What you are asked to do >> Should pictures appear among the records, leave them out, and copy exactly only the lines from the first through the one with "For lunch, we", inclusive.

Records for this task >>
════
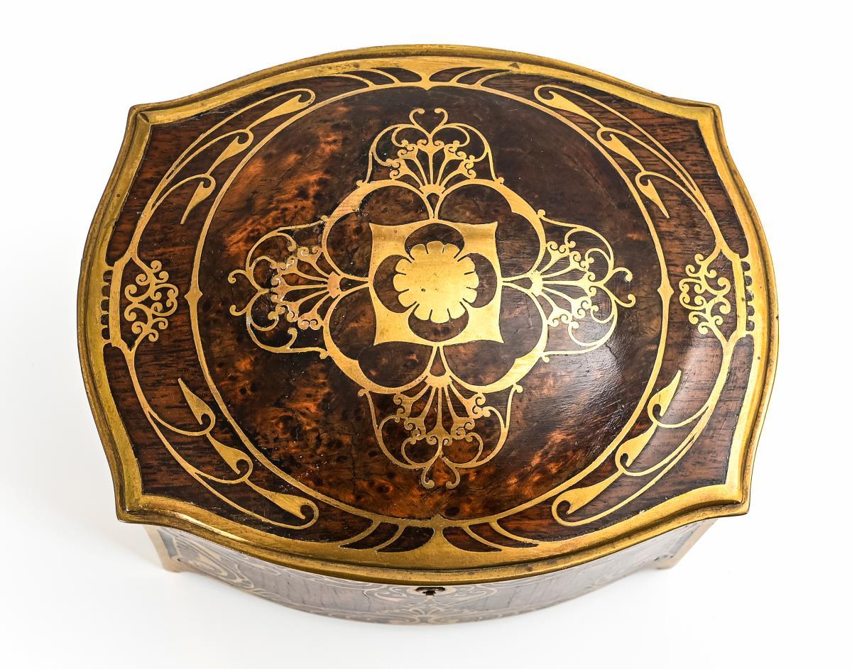 Allseits gebauchte Schatulle mit gewölbtem Scharnierdeckel. Allseits und auf dem Deckel eingelegtes Ornament im Kontrast vom Goldton zum dunklen Holz. Innen dunkelblauer Samt. Minimale Alters-/Gebrauchsspuren.
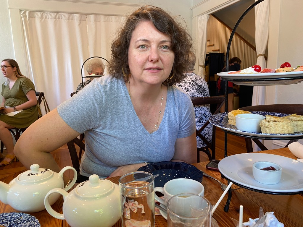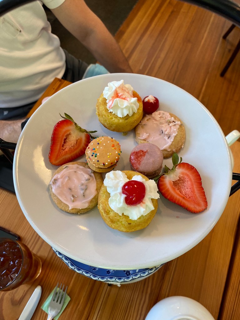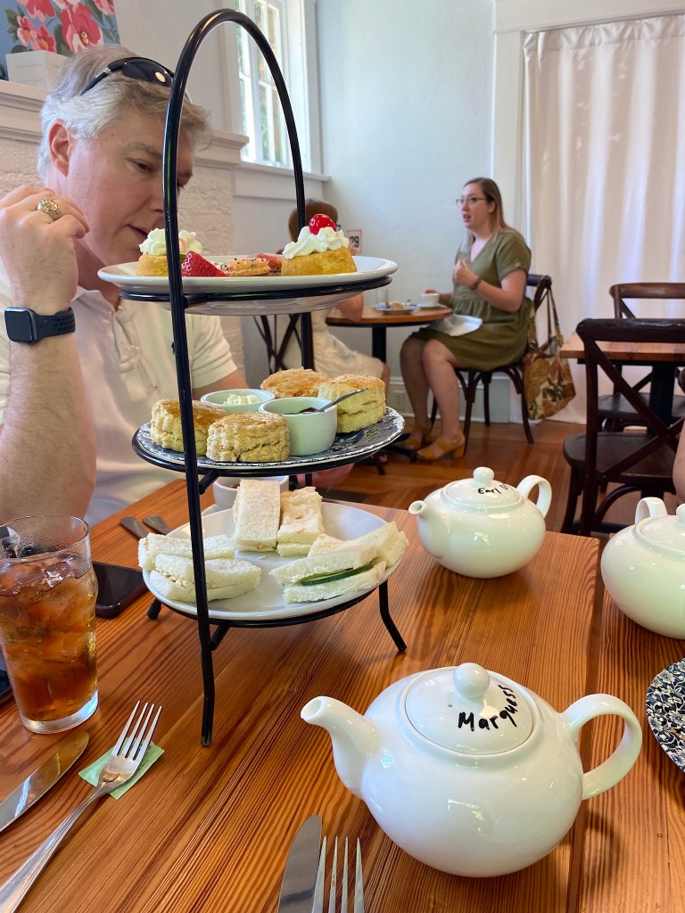 For lunch, we went to a cafe on Lumpkin, cleverly named “The Cafe on Lumpkin.” The appeal of going to “The Cafe on Lumpkin” is that, at around 3:00, they serve low tea, although how it’s any different from “high tea” is beyond me. Each person received a pot of their own tea and I chose “The Marquess,” because, naturally, I can be counted on to choose the one with the bougiest sounding name. With it comes finger sandwiches and scones, plus all of the jams that a person could possibly need to slather on their scone.
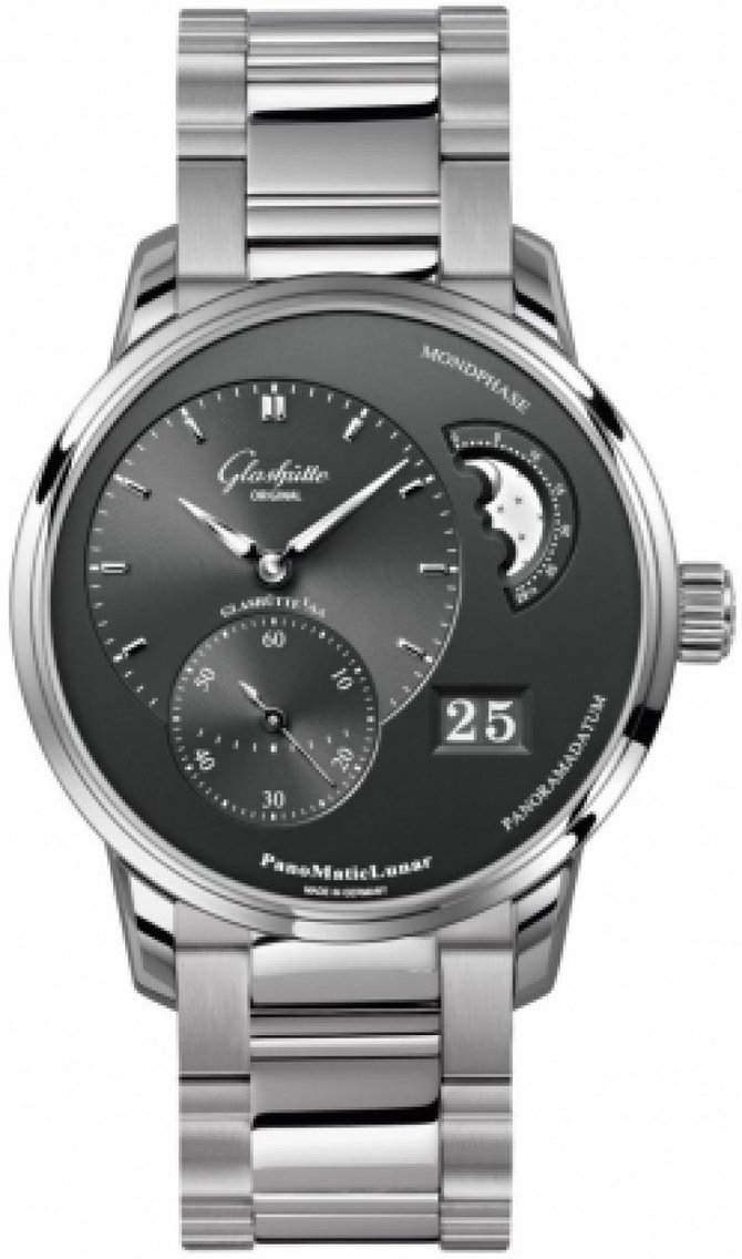 На очереди к осмотру модель мужских наручных часов PanoMaticLunar 40 mm 1-90-02-43-32-24, от производителя Glashutte Original, чье имя известно на весь мир, благодаря шикарным часовым изделиям. Данная модель заинтересует любителей простых классических дизайнов, а главное надежности и самое главное функциональности. Основное отличие этих часов от предыдущей модели 1-90-02-43-32-05 заключается в том, что здесь вместо ремешка, представлен стальной браслет. Корпус часов круглой формы, сделан из нержавеющей стали. Диаметр корпуса равен 40 мм. Автоматический механизм оснащен калибром Glashutte Original 90-02, и имеет запас хода на 42 часа. На выпуклом циферблате черного цвета, "ходят" посеребренные и отлитые вручную стрелки. Шкала разбита на 12 и 60 делений. Браслет данной модели полностью сделан из нержавеющей стали. Водостойкость данной модели немного увеличена по сравнению со стандартной, и составляет 50 метров. Благодаря прочным сапфировым стеклам, можно не переживать на счет царапин и прочих повреждений. Также открывается взгляд на работу механизма через заднюю прозрачную сапфировую крышку. И конечно же самая главная особенность данной модели это увеличенная дата. Индикатор даты находится на позиции немного выше шести часов. Ещё одна приятная неожиданность данной модели, это отображение фаз луны. Индикатор находится на позиции одного часа.
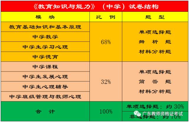 (3)初级中学、高级中学教师资格考试笔试科目共三科:科目一为《综合素质》,科目二为《教育知识与能力》,科目三为《学科知识与教学能力》。
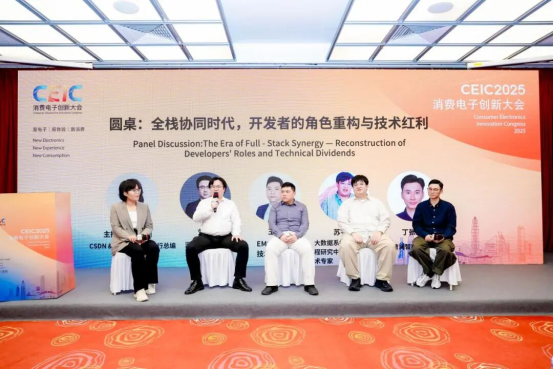 在圓桌環節,由CSDN &《新程序員》執行總編唐小引主持的圓桌高峰對話。劉洋、王凡、蘇宇榮、丁張弛四位嘉賓圍繞“全棧協同時代,開發者的生態紅利與角色躍遷”的核心主題,從技術趨勢、產業實踐到個人成長展開多維度深度思辨,為開發者精準錨定機遇、實現角色升級提供了實操性指引。
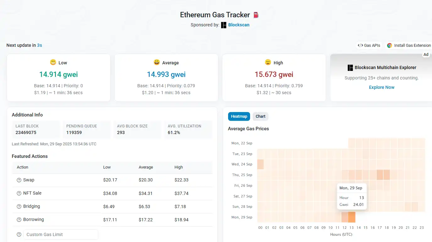 BlockBeats News, September 29th, due to the “Falcon Finance Airdrop Claim Event,” the Ethereum network Gas fee has risen to 15 gwei.
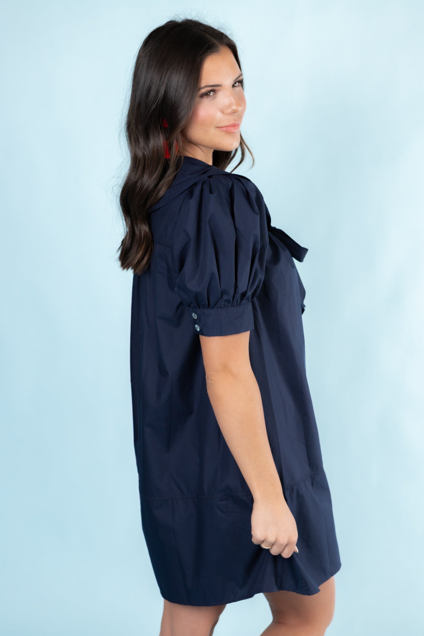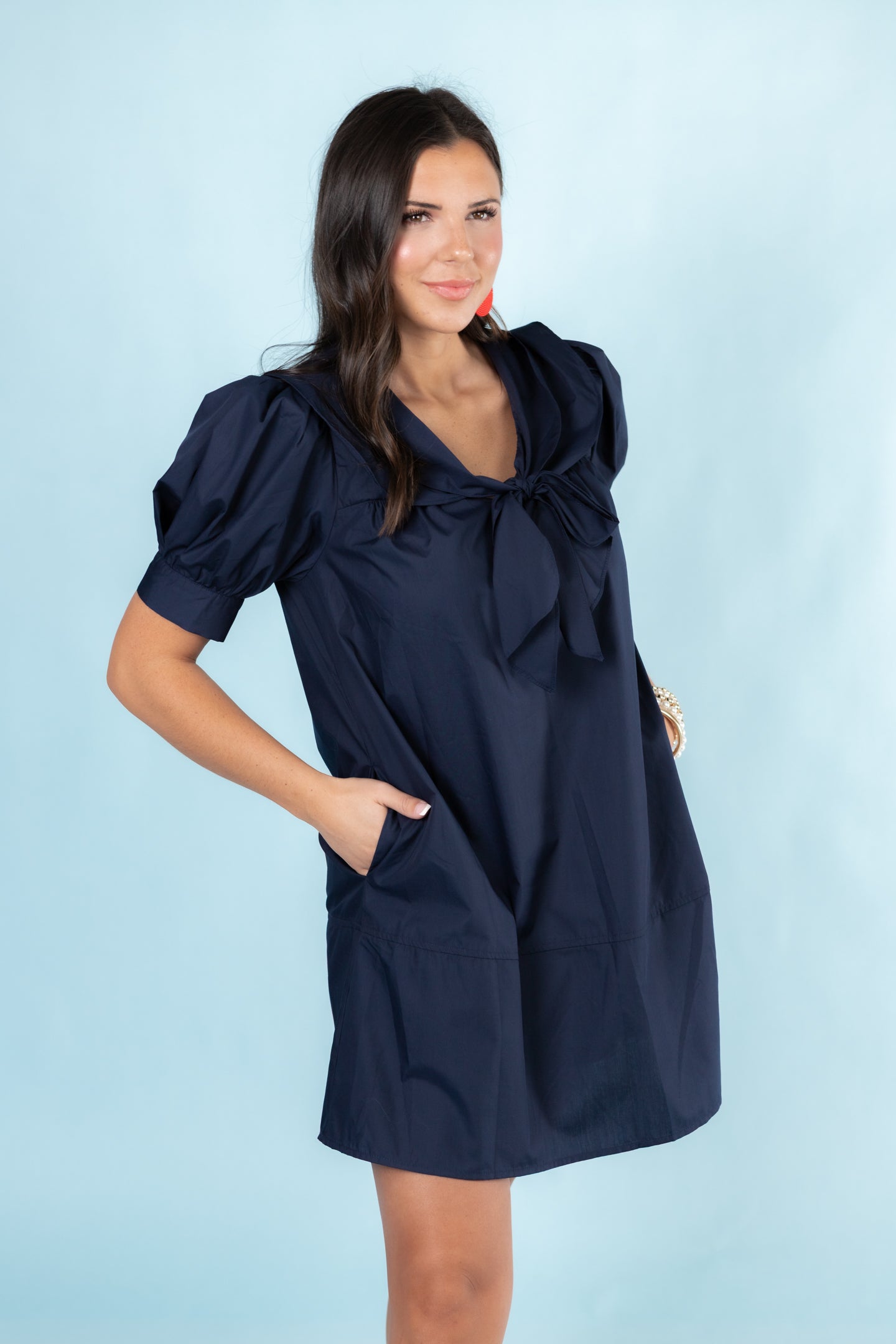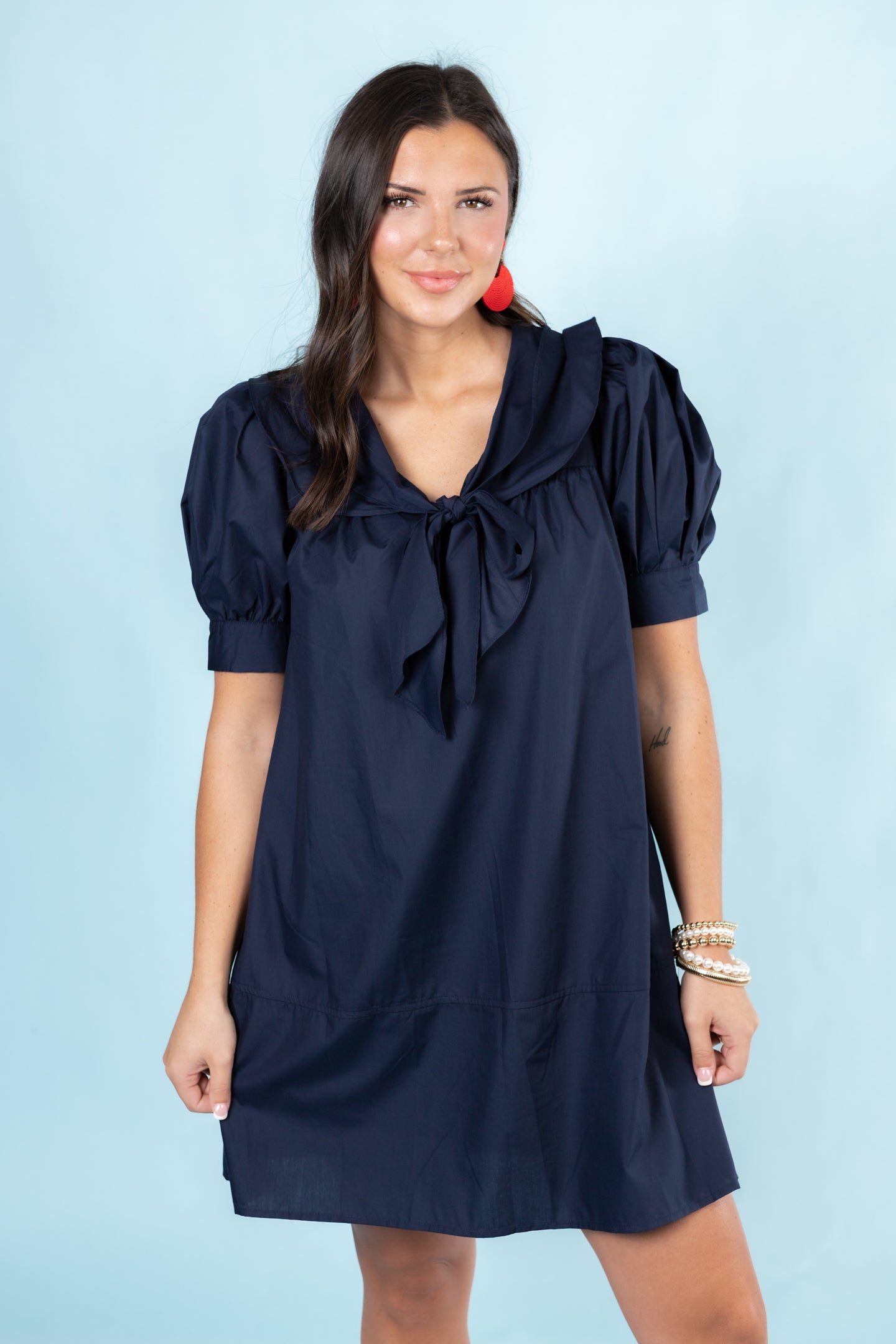 Sail away in style with this playful pullover dress. Stay cool and comfortable with a solid cuff band and lightweight woven fabric. Keep your treasures close with pockets at the side and an added bonus of a lined, non-sheer design. Set sail in fashion with this short puff sleeve dress featuring a classic sailor collar.
════
Task result >>
 Allseits gebauchte Schatulle mit gewölbtem Scharnierdeckel. Allseits und auf dem Deckel eingelegtes Ornament im Kontrast vom Goldton zum dunklen Holz. Innen dunkelblauer Samt. Minimale Alters-/Gebrauchsspuren.
 For lunch, we went to a cafe on Lumpkin, cleverly named “The Cafe on Lumpkin.” The appeal of going to “The Cafe on Lumpkin” is that, at around 3:00, they serve low tea, although how it’s any different from “high tea” is beyond me. Each person received a pot of their own tea and I chose “The Marquess,” because, naturally, I can be counted on to choose the one with the bougiest sounding name. With it comes finger sandwiches and scones, plus all of the jams that a person could possibly need to slather on their scone.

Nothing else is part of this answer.